Each leak is solvable in isolation. The hard part is solving all three without giving up the thing that makes agents useful in the first place: they operate without a human in the loop.

1Claw was built for the first two problems. Midnight was built for the third. This post is about what happens when you put them together, what we already ship, and what we are adding next.

What 1Claw runs today

1Claw is three services, all running inside attested confidential compute on AMD SEV-SNP nodes on GKE. The boundary that matters is the enclave measurement: every piece of code that touches a customer secret or a signing key has its hash baked into a SEV-SNP attestation report, which we sign and ship to the audit log on every operation. If the code changes, the measurement changes, and the customer's compliance team sees exactly when and what.

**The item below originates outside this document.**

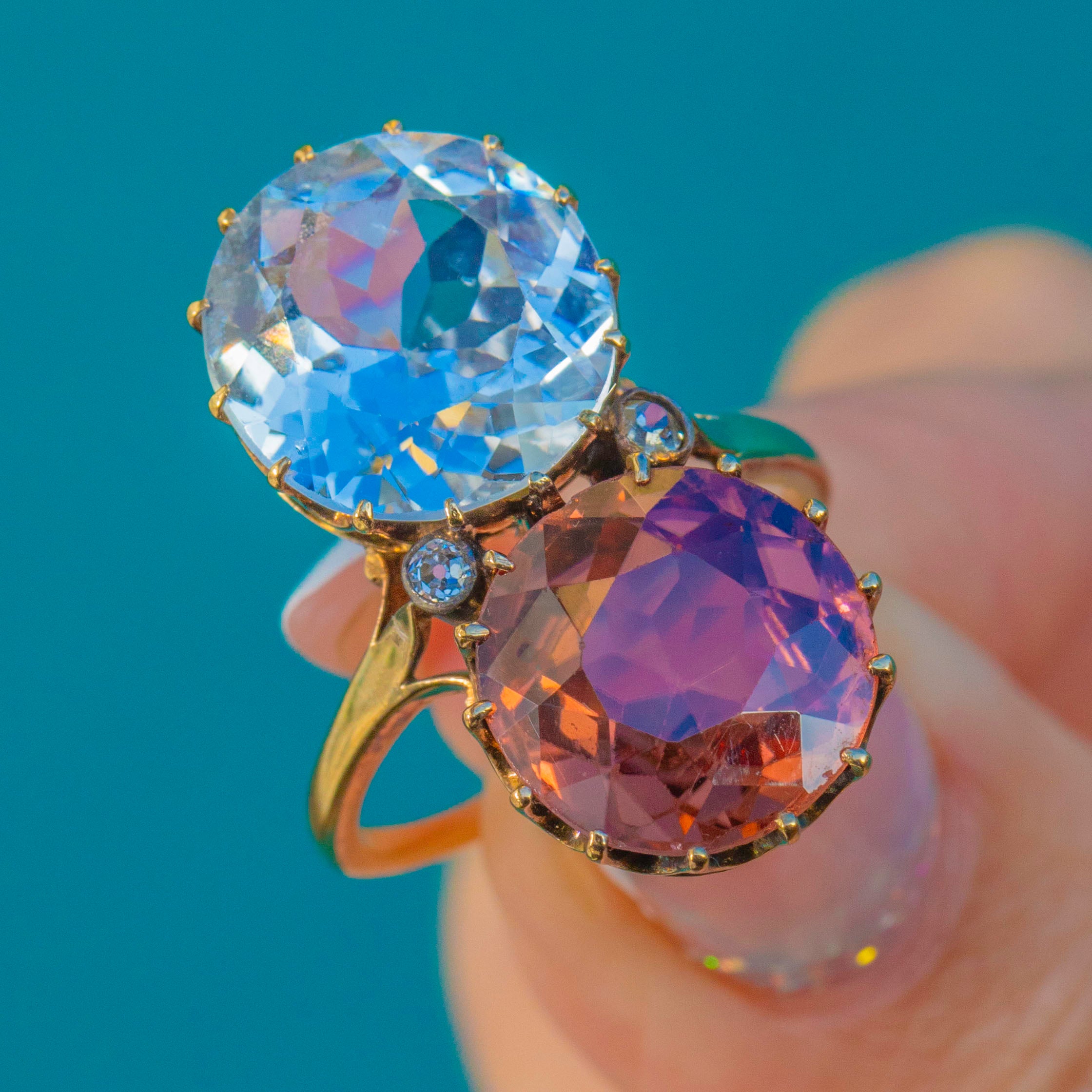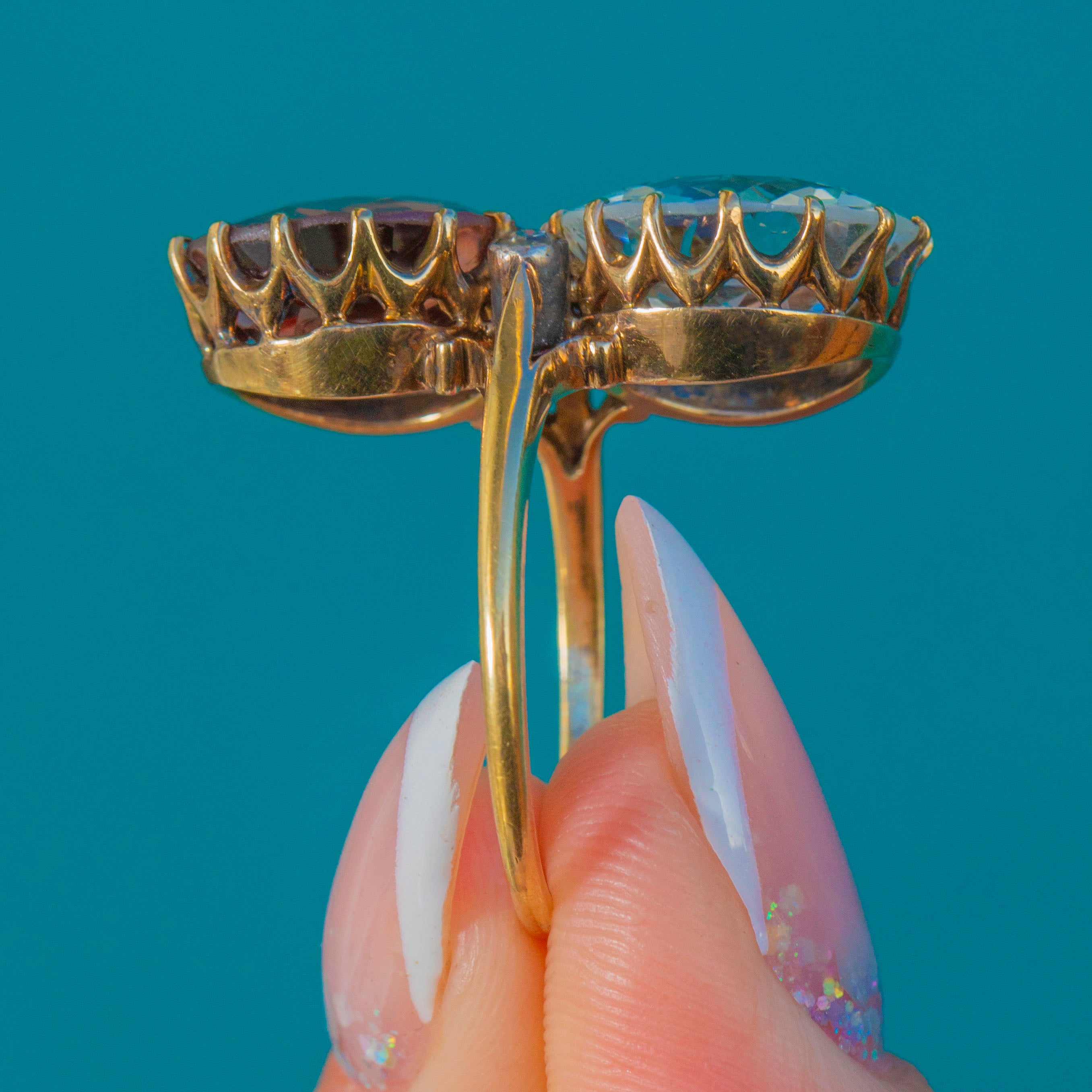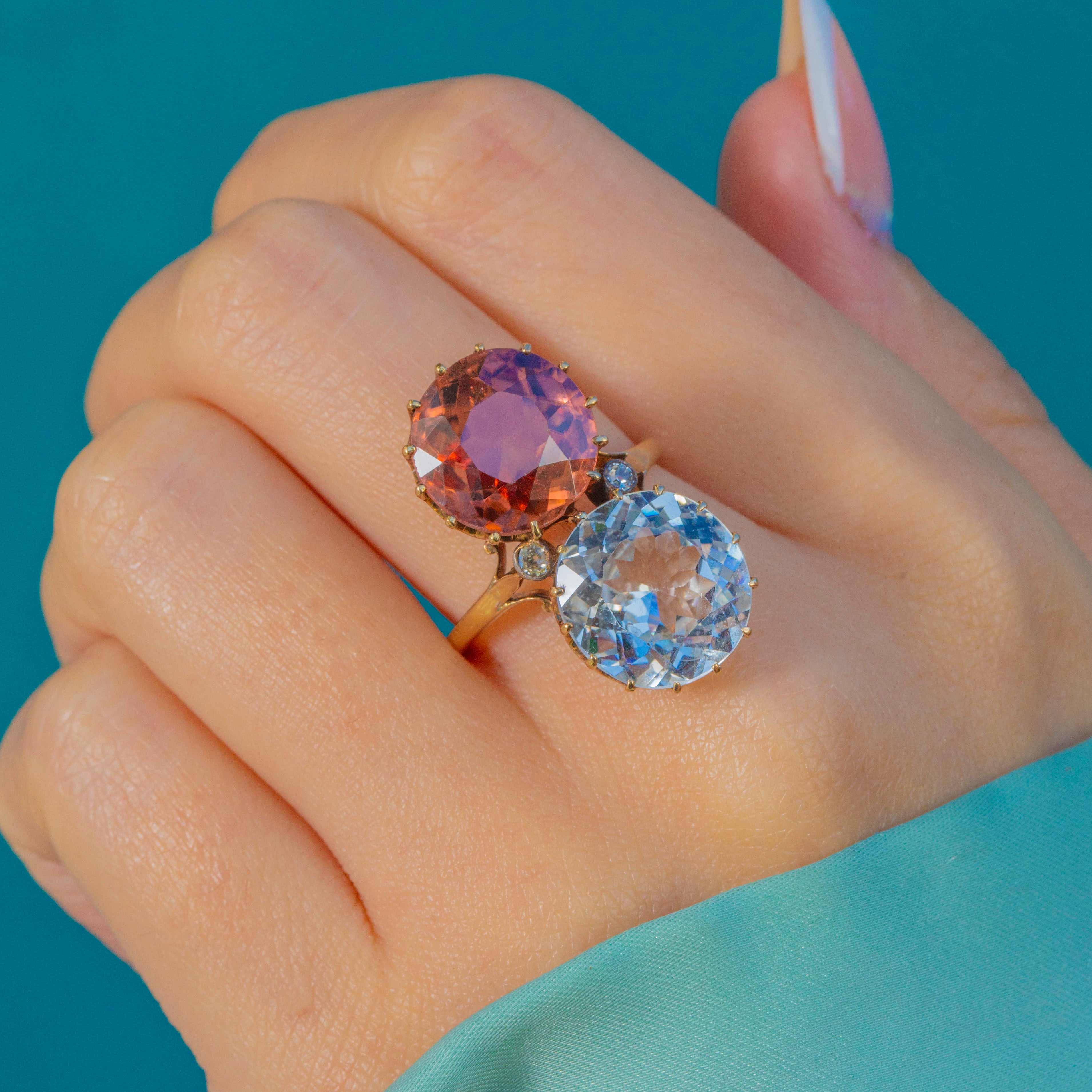 A striking Victorian toi et moi ring marrying colour, romance and scale. Twin antique round-cut Zircons totalling an impressive 14.00ct —one an icy blue, the other a warm peach‑pink—rise proudly in tall coronet claw settings atop an 18ct Gold mount. Their open backs and airy, scalloped galleries invite the light, creating a vivid duet that dances across the finger.

Vaultis the secret store. Standard envelope encryption: every secret gets its own data encryption key (DEK), and the DEK is wrapped by a key encryption key (KEK) that lives in Cloud KMS. The KEK never leaves the HSM. We ask KMS to unwrap the DEK inside the enclave, decrypt the secret, use it, and zero the memory before exit. For Business tier customers the KEK runs as a 2-of-3 Shamir split across GCP, AWS, and Azure KMS—a single cloud provider compromise surfaces nothing useful. The policy layer on top is what gives an agent a short-lived JWT scoped to a specific secret path, with a specific TTL and a specific action set.

Shroudis the LLM proxy. It sits between the agent and any frontier model, inspecting traffic in both directions. Inbound, it runs vault-aware secret matching with Aho-Corasick against the live secret set—if an agent ever pastes a real API key or connection string into a prompt, Shroud catches it before it crosses the network boundary. Outbound, it runs injection detection, encoded-payload detection (base64, hex, ROT, homoglyphs), markdown-image exfil detection, and twenty other semantic policy layers. Everything executes inside the same SEV-SNP enclave. There is no point at which a prompt or completion lives in plain memory outside attested compute.

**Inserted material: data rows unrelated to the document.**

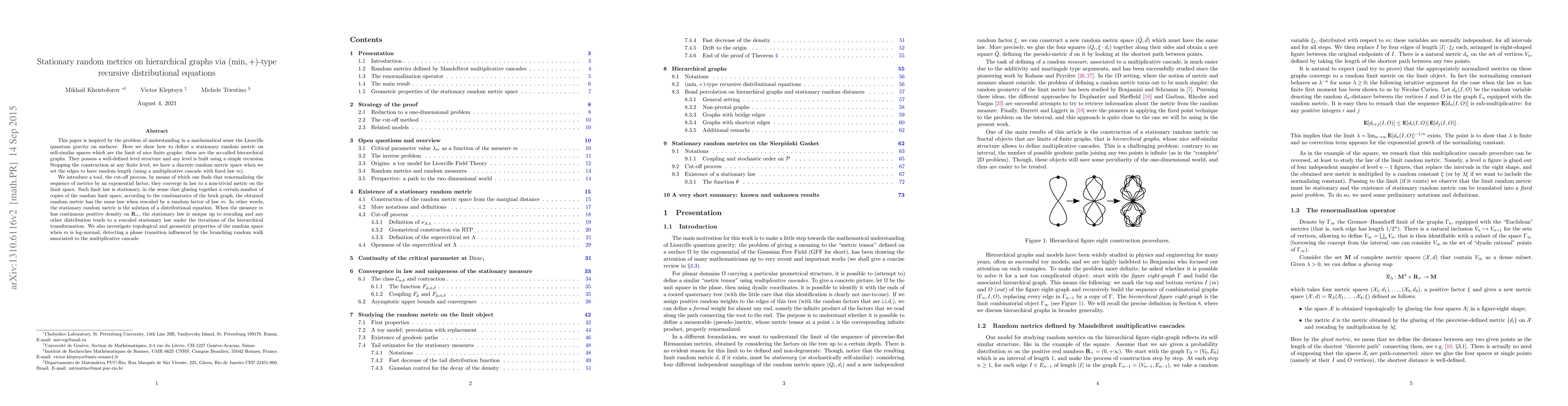 This paper is inspired by the problem of understanding in a mathematical sense the Liouville quantum gravity on surfaces. Here we show how to define a stationary random metric on self-similar spaces which are the limit of nice finite graphs: these are the so-called hierarchical graphs. They possess a well-defined level structure and any level is built using a simple recursion. Stopping the construction at any finite level, we have a discrete random metric space when we set the edges to have random length (using a multiplicative cascade with fixed law $m$). We introduce a tool, the cut-off process, by means of which one finds that renormalizing the sequence of metrics by an exponential factor, they converge in law to a non-trivial metric on the limit space. Such limit law is stationary, in the sense that glueing together a certain number of copies of the random limit space, according to the combinatorics of the brick graph, the obtained random metric has the same law when rescaled by a random factor of law $m$. In other words, the stationary random metric is the solution of a distributional equation. When the measure $m$ has continuous positive density on $\mathbf{R}_+$, the stationary law is unique up to rescaling and any other distribution tends to a rescaled stationary law under the iterations of the hierarchical transformation. We also investigate topological and geometric properties of the random space when $m$ is $\log$-normal, detecting a phase transition influenced by the branching random walk associated to the multiplicative cascade.
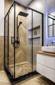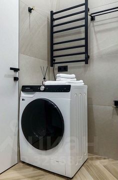 Санузел: Современный санузел с душевой кабиной, унитазом, раковиной и стиральной машиной. Использованы качественные отделочные материалы.
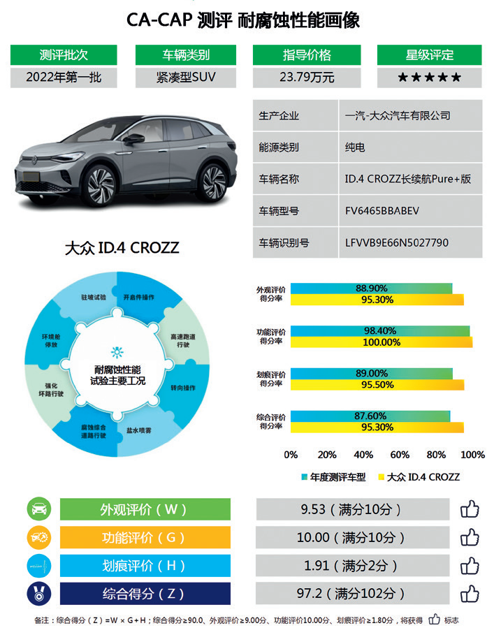 在CA-CAP规则中,外观评价得分列为一级指标。汽车外观作为可见度相对较高的区域,用户对车辆外观腐蚀十分敏感,汽车腐蚀投诉也主要集中于此。本轮6款测评车辆外观整体表现尚好,外观得分差异主要是由于各车型高可见区域耐腐蚀性能不同。大众ID.4外观得分9.53分,位列本次外观得分项第一,红旗E-QM5以外观得分9.10分紧随其后。
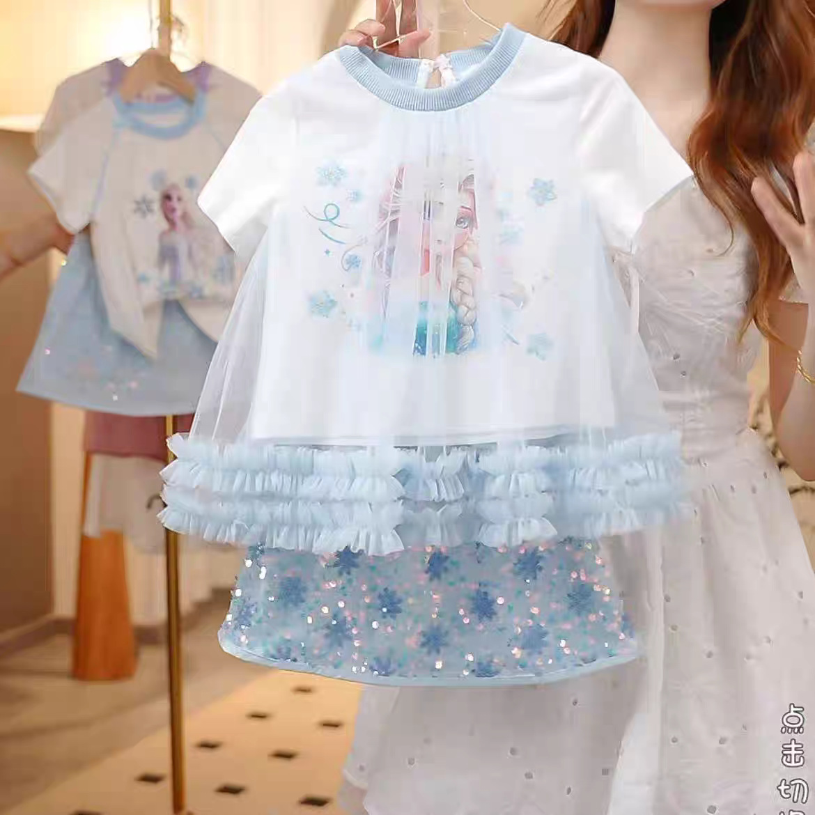 女の子メッシュ半袖スパンコールスカートスーツ 2025 夏女の子偽ツーピースプリンセスエルザ Tシャツスカート t
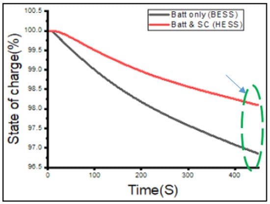 The SOC results calculated from the experiment for both the BESS and HESS configurations can be seen in Figure 15. The battery SOC percentile in the BESS setup decreased within a shorter time and at a higher gradient than that in the HESS setup. At a runtime of 500 s, the battery SOC in the HESS setup was 98.25%, and the battery SOC in the BESS setup was 96.75%. This indicates that there is more charge left in the battery in the HESS than in the BESS at the same time.
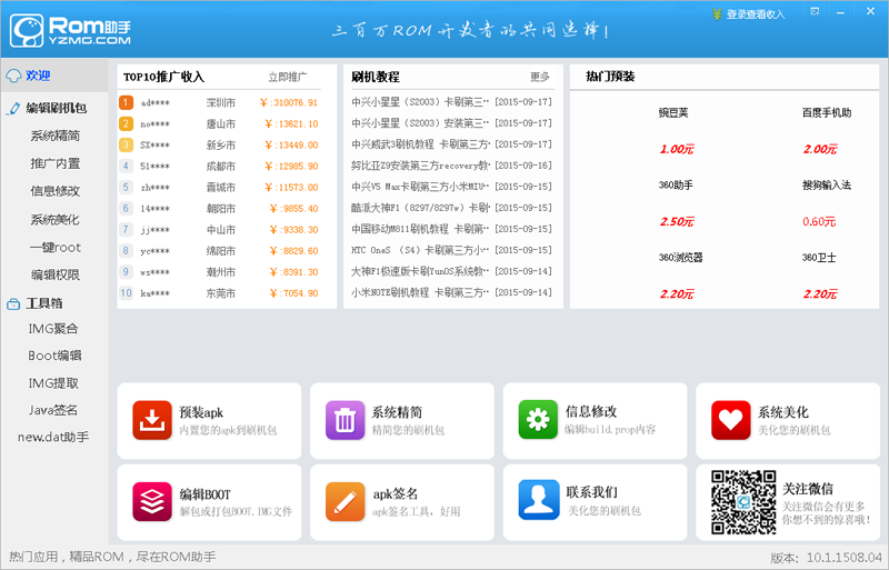Rom助手分发版最新版全面来袭,它是首款可以在Windows平台编辑Rom的工具,拥有预装apk、系统精简、信息修改、系统美化等功能。

Intents APIis the signing surface for autonomous on-chain action. The model is simple: the agent never holds a private key. It submits an intent—“send X tokens to Y on chain Z”—and the intent gets validated against the agent's policy (chain allowlist, contract allowlist, daily value cap, destination allowlist, idempotency check, replay protection). Only after all checks pass does the enclave pull the signing key from Vault, decrypt it, sign the transaction, wipe the key from memory, and broadcast. The agent gets back a transaction hash. It never sees, touches, or has the ability to exfiltrate the key.

Today the Intents API speaks EIP-1559 and legacy EVM across Ethereum, Base, Arbitrum, Optimism, Polygon, and 100+ other chains. We support Tenderly simulation pre-broadcast so the agent can dry-run transactions before any key gets touched, and per-agent guardrails at fine grain: allowed chains, allowed contracts, value caps, rate limits.

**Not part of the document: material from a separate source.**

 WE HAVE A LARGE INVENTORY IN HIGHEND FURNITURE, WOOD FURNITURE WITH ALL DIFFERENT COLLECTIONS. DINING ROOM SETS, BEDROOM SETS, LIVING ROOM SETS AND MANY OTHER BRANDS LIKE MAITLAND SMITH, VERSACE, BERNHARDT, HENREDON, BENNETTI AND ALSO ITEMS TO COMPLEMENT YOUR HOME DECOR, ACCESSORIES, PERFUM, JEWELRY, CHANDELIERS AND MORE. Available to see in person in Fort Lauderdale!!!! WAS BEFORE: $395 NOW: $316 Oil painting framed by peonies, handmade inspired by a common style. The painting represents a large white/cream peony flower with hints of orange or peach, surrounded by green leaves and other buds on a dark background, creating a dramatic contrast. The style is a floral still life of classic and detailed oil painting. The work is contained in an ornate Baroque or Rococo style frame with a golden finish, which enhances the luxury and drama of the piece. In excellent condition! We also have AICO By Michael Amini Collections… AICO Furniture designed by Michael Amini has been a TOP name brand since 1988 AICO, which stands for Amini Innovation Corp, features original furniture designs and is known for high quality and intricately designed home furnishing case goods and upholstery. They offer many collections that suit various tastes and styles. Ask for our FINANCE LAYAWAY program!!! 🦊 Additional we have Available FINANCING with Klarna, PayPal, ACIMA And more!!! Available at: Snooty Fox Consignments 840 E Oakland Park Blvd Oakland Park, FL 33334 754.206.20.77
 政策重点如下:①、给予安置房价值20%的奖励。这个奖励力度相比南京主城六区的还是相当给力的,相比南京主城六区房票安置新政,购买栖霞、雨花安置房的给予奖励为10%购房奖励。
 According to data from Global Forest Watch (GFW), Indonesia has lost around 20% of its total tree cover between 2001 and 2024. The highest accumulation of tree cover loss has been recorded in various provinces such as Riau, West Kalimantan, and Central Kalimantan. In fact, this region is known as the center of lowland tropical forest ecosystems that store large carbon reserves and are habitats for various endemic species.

If you have used 1Claw in production, you have probably used some combination of these three. What we are doing now is extending the same model to a chain that fundamentally changes what “private” means.

What Midnight provides

Midnight is a privacy-first Layer 1 built by IOG inside the Cardano ecosystem. The design choice that matters here is the dual-state model: every Midnight smart contract has a public state on chain and a private state off chain, in the hands of the user who computed against it.

A Midnight transaction does not publish its inputs. It publishes a zero-knowledge proof that the inputs satisfied the contract's constraints, plus whatever public outputs the contract chose to disclose. The validators verify the proof. They do not see the inputs. If two parties both submit transactions to a private lending contract, the validators confirm both were eligible without learning anything about income, employment, or credit history.

The smart contract language is Compact, which compiles to ZK circuits. A Compact contract looks recognizably like TypeScript: you declare ledger state (public), witness functions (private inputs), and circuit bodies (the computation). At compile time, Compact emits a proving key and a verifying key. At runtime, the wallet feeds the witness into the proving key and produces a SNARK that gets attached to the transaction.

Three kinds of Midnight transactions:

• Unshielded transfers. Transparent like Cardano. Fees, amounts, and parties are all on chain. Used when you don't need privacy and want minimal overhead. Address format is bech32m, prefix mn_addr1....
• Shielded transfers. Tokens move privately. Amounts and parties are encrypted; only ownership proofs are public. Built on Zswap, Midnight's adaptation of Zcash's shielded pool model.
• Contract calls. These invoke a Compact circuit with witness data. The witness stays local; the proof goes on chain. This is where Midnight's design earns its complexity, and where the institutional use cases live.

The native token is NIGHT. Fees are paid in DUST, which is auto-generated from NIGHT holdings over time. An address with no NIGHT cannot generate DUST and cannot pay fees. Practical consequence: every signing agent on Midnight needs both NIGHT and an active DUST balance. This is materially different from “have ETH for gas.”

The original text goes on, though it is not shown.